The digital terrain of the Global South shifted dramatically this week at the India AI Impact Summit 2026 in New Delhi. Beneath the whir of high-level diplomacy and technological zeal at Bharat Mandapam, Google CEO Sundar Pichai pulled up a chair to announce a project that sounds more like nation-building than corporate conquest.
Called the “America-India Connect” project, Google plans to lay more than $15 billion worth of subsea fiber-optic cables over the next five years that will loop connectively bind the United States and India across four continents. This isn’t just a matter of speeding up YouTube buffering; it is the building out of a high-speed nervous system to fuel the next generation of artificial intelligence.
A new electronic port at visakhapatnam
For decades, India’s internet connectivity has been dependent on subsea landings that brings cables into Mumbai and Chennai. Though it worked, this ramping-up also represented a single-point bottleneck and failure mode. Google’s new effort reconfigures the map by having Vizag become one of the largest international subsea gateways.
The America-India Connect comes with three key subsea cables, which also will shift the way data flows across the lower half of the globe:
The South Pacific Route: Vizag to Singapore, and on to the American West Coast via Australia and the Bosun/Tabua systems.
A direct fiber-optic route between Mumbai and Western Australia that interconnect with the TalayLink and Honomoana systems to offer a redundant path through the Pacific to the U.S. West Coast.
By diversifying those connections, Google is effectively creating “digital insurance” for India. Whether a cable is cut in the Red Sea or a landing station in Mumbai is disrupted, India’s AI backbone is built to withstand it with the new (Vizag and Chennai) corridors.
The Role of Cables in the ‘AI Divide’
Infrastructure is the bedrock,’” he said in his keynote address, adding later: “the digital divide turns into an AI divide.
Through this $15 billion investment in these ground-based cables and in a gigawatt-scale AI hub (which will have a comparable brain-power equivalence) in Vizag, Google is making sure the “speed of thought” for Indian innovators are at power with Silicon Valley’s. This investment is an effort to democratize access, so that a student in a rural school district receives the same near millisecond-level response from an AI assistant as their developer in San Francisco.
More Than the Gear: The Power of the People
The cables are the “pipes,” but Google’s announcement also drilled down into the “water” flowing through them: knowledge and opportunity. The $15-billion project is twinned with a giant skilling push to prepare India’s workforce for an AI driven economy.
Educating the Guardians of the State
One of the most ambitious parts of the plan is to collaborate with Karmayogi Bharat. Google Cloud will offer secure infrastructure on the iGOT (Integrated Government Online Training) platform to all Indian public servants via multiple digital channels, anywhere anytime. Utilizing AI-powered digital tools in 18 Indian languages, the programme is hoping to shape a civil service for the future that can use technology more effectively while serving the public.

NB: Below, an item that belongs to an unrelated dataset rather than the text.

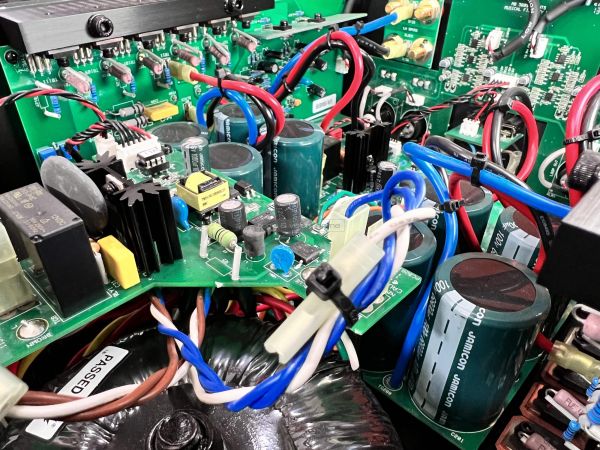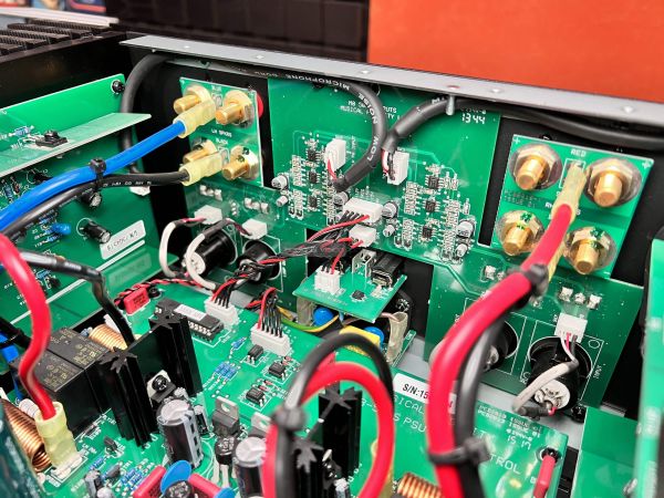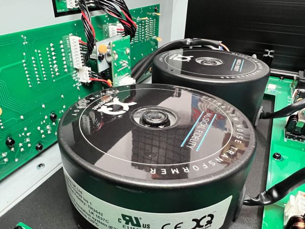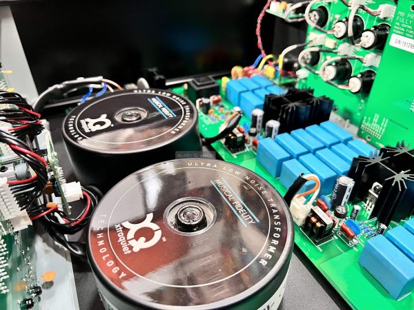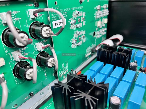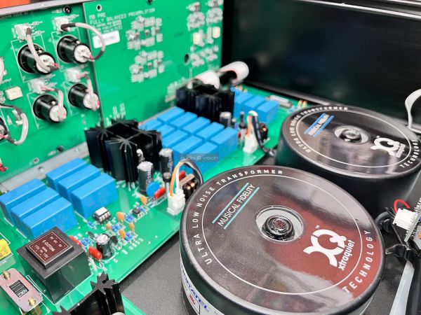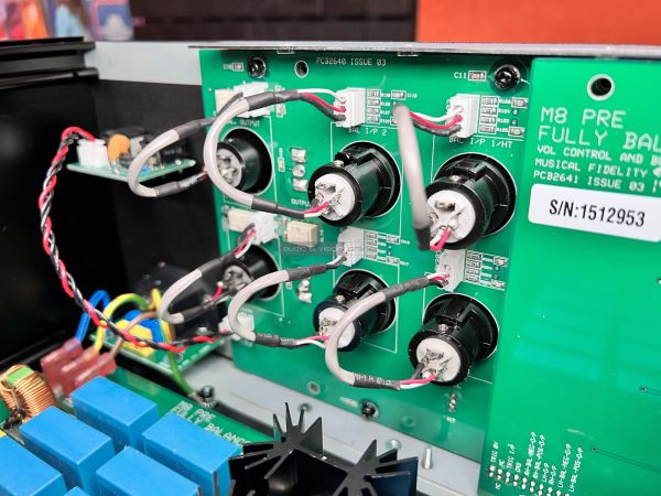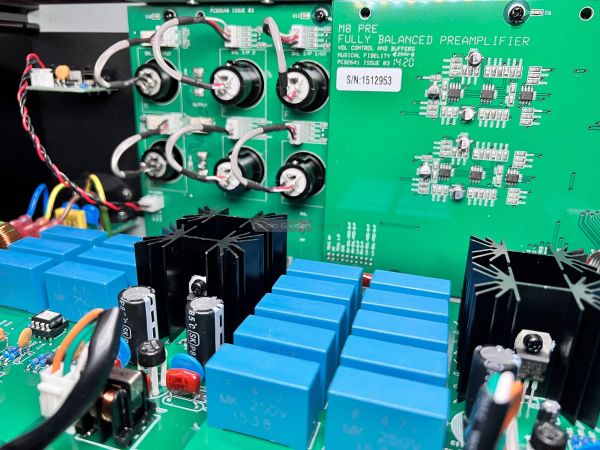 Az előfok fedőlapja egy nagyon komoly tápegységet rejt, oldalanként egy-egy megtermett, 350 W teljesítményű toroid transzformátor dolgozik benne és valóban teljesen szimmetrikus kialakítású, nem egy csupán szimmetrikus ki és bemenetekkel ellátott, de valójában aszimmetrikus készülék. Tovább vizsgálva a belsőt, az átgondolt tervezés és az annak megfelelő kialakítás köszön vissza, pontosan úgy, ahogyan ígérték: az optimális teljesítmény és szigetelés érdekében minden csatorna, minden egyes fokozata saját szabályozó áramkört kapott, a tápegység ultraalacsony impedanciájú kialakításának köszönhetően az áramleadás maximalizált. A működés tisztán A osztályú, a kapcsolást kifinomult konfigurációban valósították meg, a Musical Fidelity állítása szerint a torzítás és a zajszint ultra alacsony, a frekvencia-átvitel pedig gyakorlatilag tökéletes. Mindez a számok tükrében kevesebb, mint 0,003 % minimális torzítási szintet, -117 dBA zajszintet, és -3 dB-en belül mérve 75 kHz-es sávszélességet jelent, a figyelemreméltó frekvencia-átvitel pedig a hallható hangsávon belül teljesen lapos. A sztereó szétválasztás 1 kHz-en 96 dB.

Google also cast its gaze to the next generation:
ATAL Tinkering Labs: Google in partnership with NITI Aayog, will bring AI and generative adversarial networks (GANs) to 10 million students across more than 10,000 additional schools. The emphasis here is on “learning by doing” — bringing robotics and coding into the classroom.
AI for Science: Google DeepMind is collaborating with Anusandhan National Research Foundation (ANRF). Indian scientists will be able to use specialized models like AlphaGenome and Earth AI, going beyond simple chatbots to apply AI for solving “planetary-scale” issues such as climate change and disease.
A Greener, More Reliable Future
The new “America-India Connect” is more than a corporate landmark; it’s an acknowledgment that the tech world’s center of gravity is changing. With an investment of $15 billion to lay thousands of miles of glass fiber beneath the ocean, Google is not simply hedging its bets on India’s future — it’s laying the foundation upon which that future will be written.
The summit ended with an air of inevitability: the cables are coming, the data is flowing and for India, the “AI era” has made its way from the boardroom to a high-speed physical reality.